Sunday, October 10, 2010

Hey Ya'll

Hey Ya'll!

My name is Reeda Redneckerson and I am really scared.  I woke up last night drenched in sweat and sat straight up in bed, terrified.  I mean really terrified, like I had a really bad nightmare.  You know how you get really bad nightmares after watching something scary on TV?  Well, you are not alone, what I saw on TV really scares me. 

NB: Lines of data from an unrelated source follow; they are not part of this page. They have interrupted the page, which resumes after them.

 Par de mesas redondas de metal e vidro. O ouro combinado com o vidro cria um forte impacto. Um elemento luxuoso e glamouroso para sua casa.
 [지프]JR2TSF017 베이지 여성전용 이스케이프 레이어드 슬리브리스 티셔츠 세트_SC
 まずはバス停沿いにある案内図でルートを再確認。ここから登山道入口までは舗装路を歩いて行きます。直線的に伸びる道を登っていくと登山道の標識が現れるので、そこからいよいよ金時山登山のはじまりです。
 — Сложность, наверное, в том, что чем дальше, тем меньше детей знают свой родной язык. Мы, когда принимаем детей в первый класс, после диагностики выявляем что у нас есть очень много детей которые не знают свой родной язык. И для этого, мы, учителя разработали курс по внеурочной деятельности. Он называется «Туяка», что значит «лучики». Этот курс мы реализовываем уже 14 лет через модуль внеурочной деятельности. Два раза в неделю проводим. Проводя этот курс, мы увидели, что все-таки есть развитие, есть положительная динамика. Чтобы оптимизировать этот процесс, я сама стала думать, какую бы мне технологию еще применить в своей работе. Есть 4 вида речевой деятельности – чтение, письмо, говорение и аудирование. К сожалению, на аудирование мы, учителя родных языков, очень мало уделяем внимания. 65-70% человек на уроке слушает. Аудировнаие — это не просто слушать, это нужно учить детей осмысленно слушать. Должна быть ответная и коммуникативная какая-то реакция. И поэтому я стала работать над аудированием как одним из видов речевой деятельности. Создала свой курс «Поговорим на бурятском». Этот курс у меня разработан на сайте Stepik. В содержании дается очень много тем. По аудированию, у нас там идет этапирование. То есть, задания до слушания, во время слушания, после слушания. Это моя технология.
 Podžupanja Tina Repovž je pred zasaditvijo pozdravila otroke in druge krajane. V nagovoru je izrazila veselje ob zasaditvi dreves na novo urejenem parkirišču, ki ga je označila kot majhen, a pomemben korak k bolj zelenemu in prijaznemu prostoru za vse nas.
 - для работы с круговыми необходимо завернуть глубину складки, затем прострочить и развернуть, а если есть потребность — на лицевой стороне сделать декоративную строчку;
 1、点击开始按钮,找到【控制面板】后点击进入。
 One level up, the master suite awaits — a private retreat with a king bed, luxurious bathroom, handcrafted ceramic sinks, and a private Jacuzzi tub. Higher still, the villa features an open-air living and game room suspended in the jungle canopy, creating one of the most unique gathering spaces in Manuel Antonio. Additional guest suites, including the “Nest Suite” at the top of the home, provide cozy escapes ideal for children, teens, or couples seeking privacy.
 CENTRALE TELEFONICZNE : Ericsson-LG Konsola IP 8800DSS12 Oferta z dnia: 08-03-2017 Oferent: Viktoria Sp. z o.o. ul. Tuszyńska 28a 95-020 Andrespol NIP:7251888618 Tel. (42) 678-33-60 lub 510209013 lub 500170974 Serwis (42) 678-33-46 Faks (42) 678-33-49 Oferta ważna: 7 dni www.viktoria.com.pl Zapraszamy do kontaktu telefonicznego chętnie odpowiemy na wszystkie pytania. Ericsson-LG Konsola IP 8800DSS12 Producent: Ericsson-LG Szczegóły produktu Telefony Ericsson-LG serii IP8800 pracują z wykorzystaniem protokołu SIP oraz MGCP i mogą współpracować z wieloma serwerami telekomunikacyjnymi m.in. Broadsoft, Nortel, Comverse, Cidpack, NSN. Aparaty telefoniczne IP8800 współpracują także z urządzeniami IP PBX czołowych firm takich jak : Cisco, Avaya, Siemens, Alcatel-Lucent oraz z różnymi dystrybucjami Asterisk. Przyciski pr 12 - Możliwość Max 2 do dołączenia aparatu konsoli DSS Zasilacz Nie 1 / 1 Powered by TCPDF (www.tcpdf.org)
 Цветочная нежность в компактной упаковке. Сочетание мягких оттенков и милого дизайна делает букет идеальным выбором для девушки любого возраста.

Last week I saw Michelle Obama on TV.  No, that wasn't the scary part.  It was what she said.  She said that she wanted to get rid of french fries.  That's right french fries.  I guess she thinks they are not good for you.  Well, I guess when I went to sleep that night my subconcious brain got to work on that and that's when I woke up in a cold sweat. 

I'm not exactly the smartest person in the world but I do cook up a good mess of grub for hungry folks when I get a chance and it occured to me that french fries is basically fried potatoes.   So, by my calulations, if Michelle Obama  doesn't want us eating french fries then what about hash browns and tater tots.  Those are fried potatoes.  Is she  getting rid of those too?  I'm thinkin' she's not too keen on country fried potatoes either.  You know, the ones that are fried up in bacon grease.  Then of course there's potato chips, yep, that's right fried potatoes. 

Were does that lead us?  Crisco.  That's right Crisco.  Did you know that Crisco makes the flakiest pie crust?  Are we going to have to give up pies as well?  Well, there goes Christmas.  My daddy loves a Texas pecan pie at the end of Christmas dinner.  It has corn syrup and Crisco. 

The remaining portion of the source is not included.